* _WHAT IS NEEDED_
Given the records below, the lines starting at the line with "폭염으로 ㅈ되버린 자연산 송이 버섯 시장" and ending at the line with "在自家20亩大头菜田里,村民" should be output exactly, both end lines kept and pictures left out.

* _DATASET CONTENT_
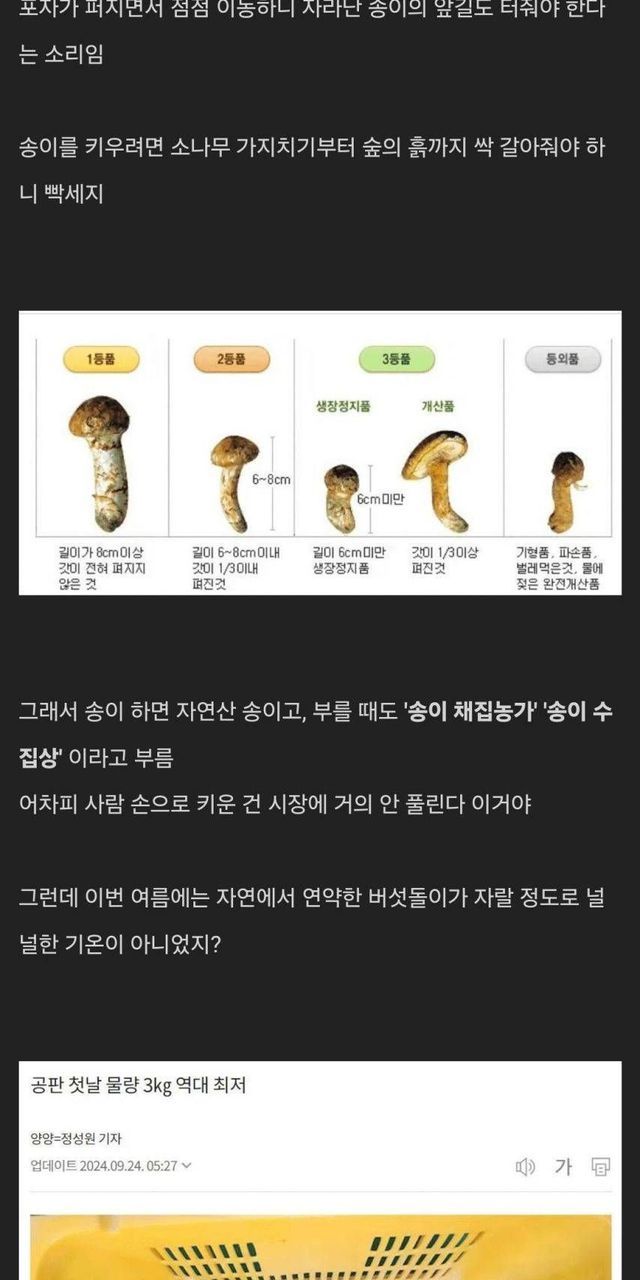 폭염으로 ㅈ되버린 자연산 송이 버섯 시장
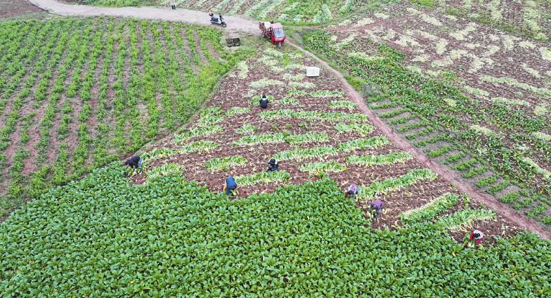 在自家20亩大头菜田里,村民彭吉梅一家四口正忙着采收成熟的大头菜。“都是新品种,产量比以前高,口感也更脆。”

--

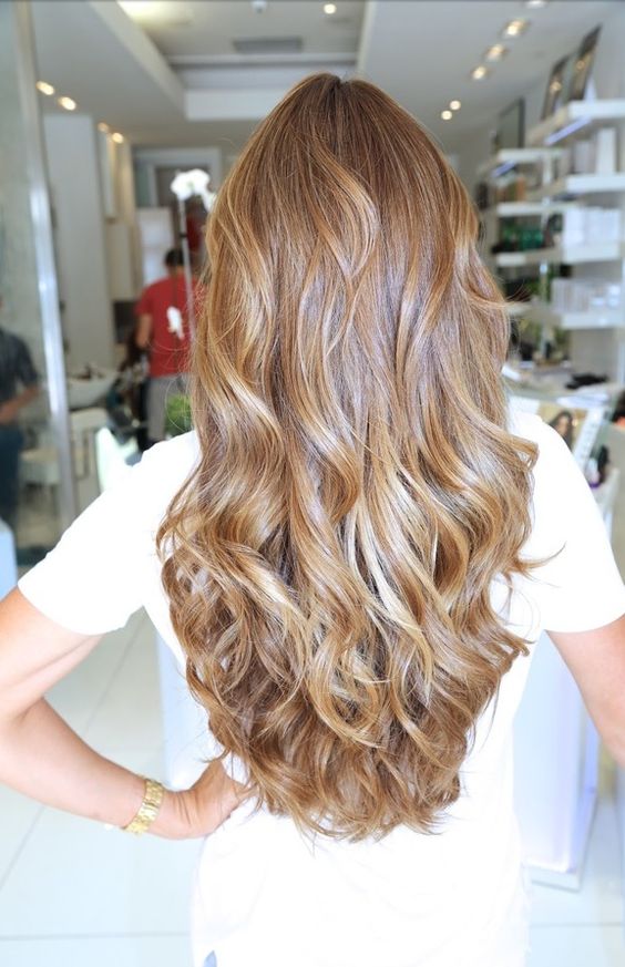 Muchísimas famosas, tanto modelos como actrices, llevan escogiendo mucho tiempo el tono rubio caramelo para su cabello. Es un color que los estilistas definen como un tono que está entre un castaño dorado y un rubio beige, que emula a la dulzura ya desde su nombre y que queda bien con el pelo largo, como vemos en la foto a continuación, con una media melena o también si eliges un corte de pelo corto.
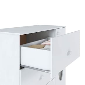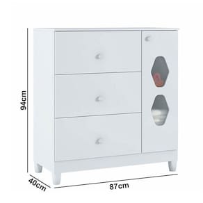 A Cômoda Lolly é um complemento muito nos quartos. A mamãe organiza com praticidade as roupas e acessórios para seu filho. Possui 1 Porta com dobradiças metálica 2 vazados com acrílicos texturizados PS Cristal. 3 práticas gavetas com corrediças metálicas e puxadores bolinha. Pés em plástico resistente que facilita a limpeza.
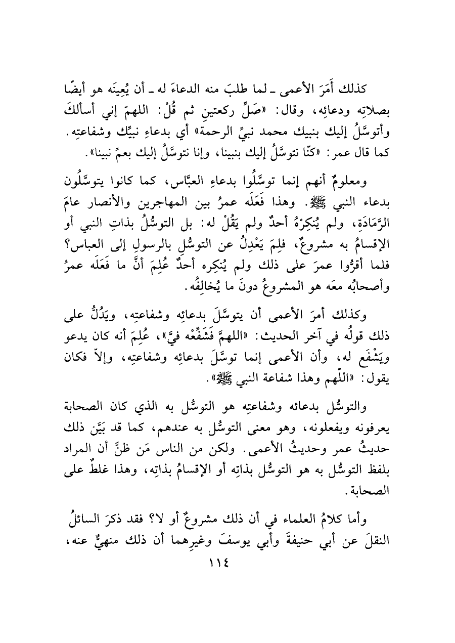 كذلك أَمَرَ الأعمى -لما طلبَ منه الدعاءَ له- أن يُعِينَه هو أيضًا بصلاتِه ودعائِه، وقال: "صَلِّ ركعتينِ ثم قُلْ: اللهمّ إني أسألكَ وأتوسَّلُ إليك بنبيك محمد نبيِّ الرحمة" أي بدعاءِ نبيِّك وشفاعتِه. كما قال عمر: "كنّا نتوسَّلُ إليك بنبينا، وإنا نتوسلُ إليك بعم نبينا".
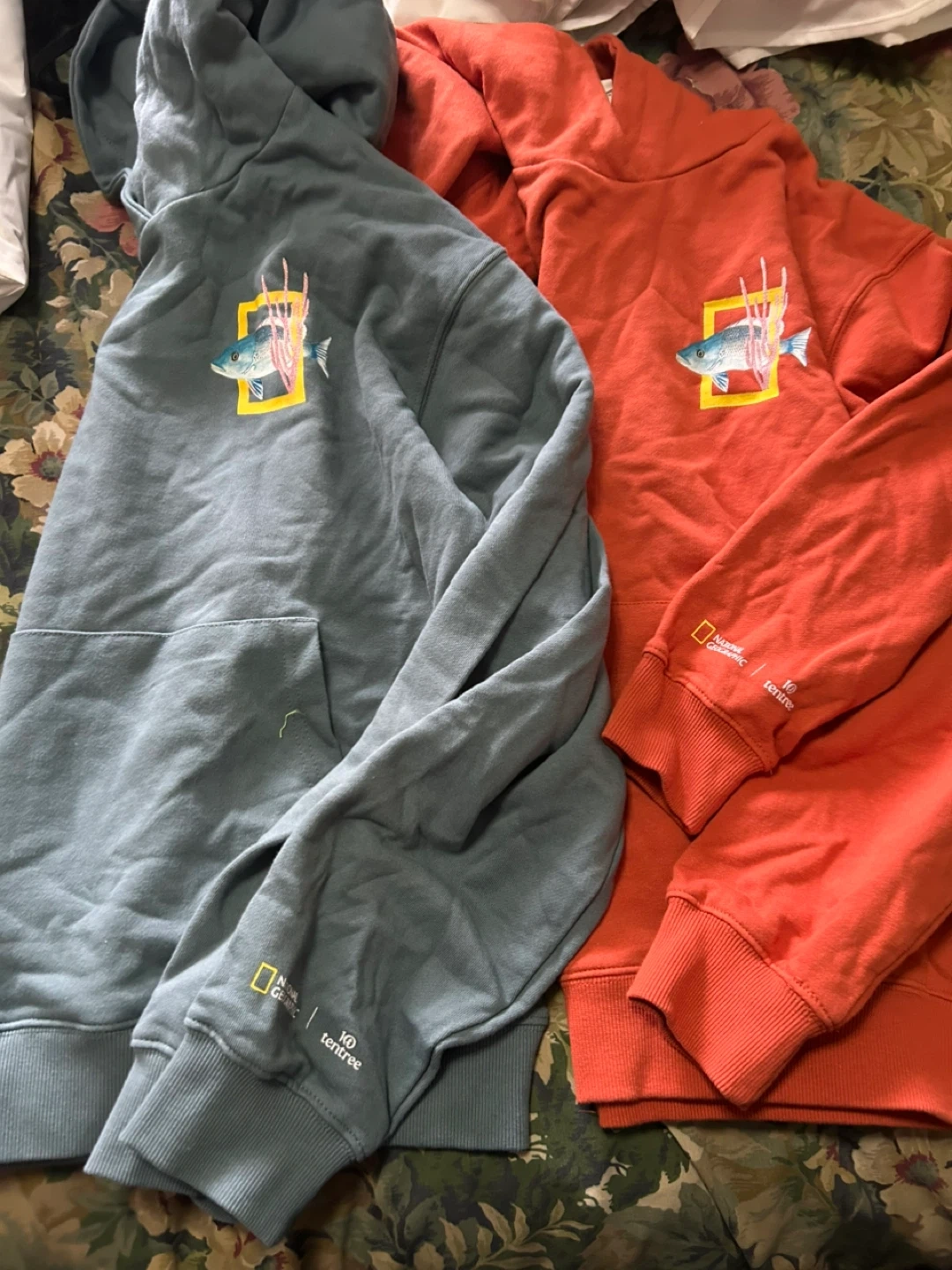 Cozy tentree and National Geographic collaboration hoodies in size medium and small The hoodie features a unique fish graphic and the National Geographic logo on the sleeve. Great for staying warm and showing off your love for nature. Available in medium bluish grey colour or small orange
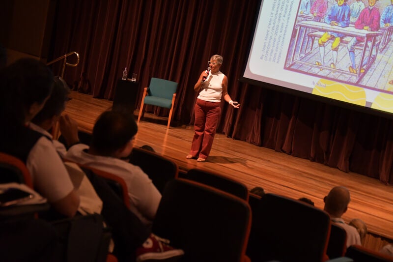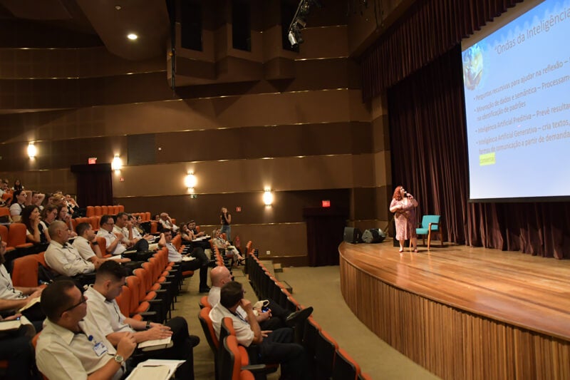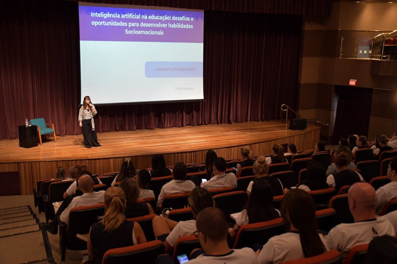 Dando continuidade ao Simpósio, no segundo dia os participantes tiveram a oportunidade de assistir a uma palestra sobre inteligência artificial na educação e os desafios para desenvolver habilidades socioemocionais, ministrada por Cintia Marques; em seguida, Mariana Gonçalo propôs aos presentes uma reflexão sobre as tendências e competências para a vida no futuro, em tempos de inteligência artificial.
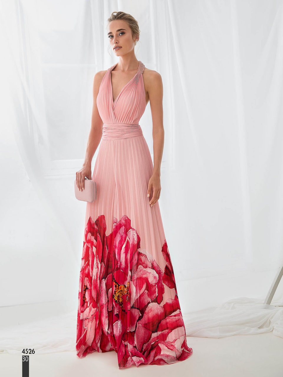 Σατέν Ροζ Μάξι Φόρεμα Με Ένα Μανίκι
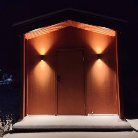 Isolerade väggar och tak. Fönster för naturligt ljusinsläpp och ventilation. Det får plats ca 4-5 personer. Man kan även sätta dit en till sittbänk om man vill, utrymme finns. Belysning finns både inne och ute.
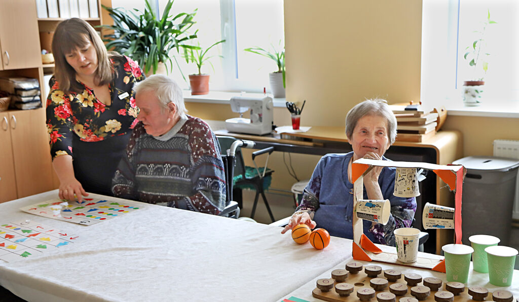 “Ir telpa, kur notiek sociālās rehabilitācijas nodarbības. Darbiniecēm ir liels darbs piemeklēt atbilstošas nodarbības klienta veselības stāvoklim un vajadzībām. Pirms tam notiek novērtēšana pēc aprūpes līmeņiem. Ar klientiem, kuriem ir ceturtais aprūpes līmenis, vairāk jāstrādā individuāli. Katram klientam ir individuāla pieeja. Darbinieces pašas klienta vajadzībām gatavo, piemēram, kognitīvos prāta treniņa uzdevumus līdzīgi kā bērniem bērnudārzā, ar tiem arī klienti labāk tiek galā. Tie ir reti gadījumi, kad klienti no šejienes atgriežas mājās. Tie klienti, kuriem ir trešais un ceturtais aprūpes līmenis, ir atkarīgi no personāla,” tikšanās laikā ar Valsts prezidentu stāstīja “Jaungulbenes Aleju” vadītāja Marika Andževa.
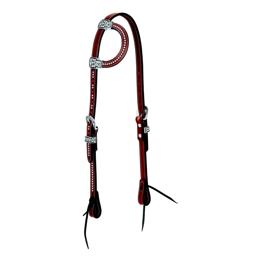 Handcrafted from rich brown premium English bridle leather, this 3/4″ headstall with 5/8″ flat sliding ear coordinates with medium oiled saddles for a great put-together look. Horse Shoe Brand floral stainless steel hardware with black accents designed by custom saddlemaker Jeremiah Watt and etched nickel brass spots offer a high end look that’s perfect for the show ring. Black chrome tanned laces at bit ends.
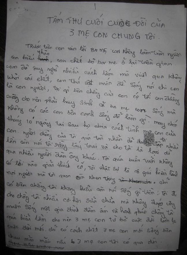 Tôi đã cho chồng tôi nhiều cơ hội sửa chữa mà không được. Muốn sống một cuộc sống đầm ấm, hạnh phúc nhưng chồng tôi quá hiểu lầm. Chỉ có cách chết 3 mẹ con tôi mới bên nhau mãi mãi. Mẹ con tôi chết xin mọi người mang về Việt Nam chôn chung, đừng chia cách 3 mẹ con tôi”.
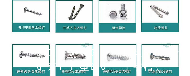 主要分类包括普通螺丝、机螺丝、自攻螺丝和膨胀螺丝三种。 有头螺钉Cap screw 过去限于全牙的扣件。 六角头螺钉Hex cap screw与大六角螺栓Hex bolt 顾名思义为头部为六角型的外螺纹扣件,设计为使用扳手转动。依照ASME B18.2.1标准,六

* _ANSWER SPACE_
 폭염으로 ㅈ되버린 자연산 송이 버섯 시장
 在自家20亩大头菜田里,村民彭吉梅一家四口正忙着采收成熟的大头菜。“都是新品种,产量比以前高,口感也更脆。”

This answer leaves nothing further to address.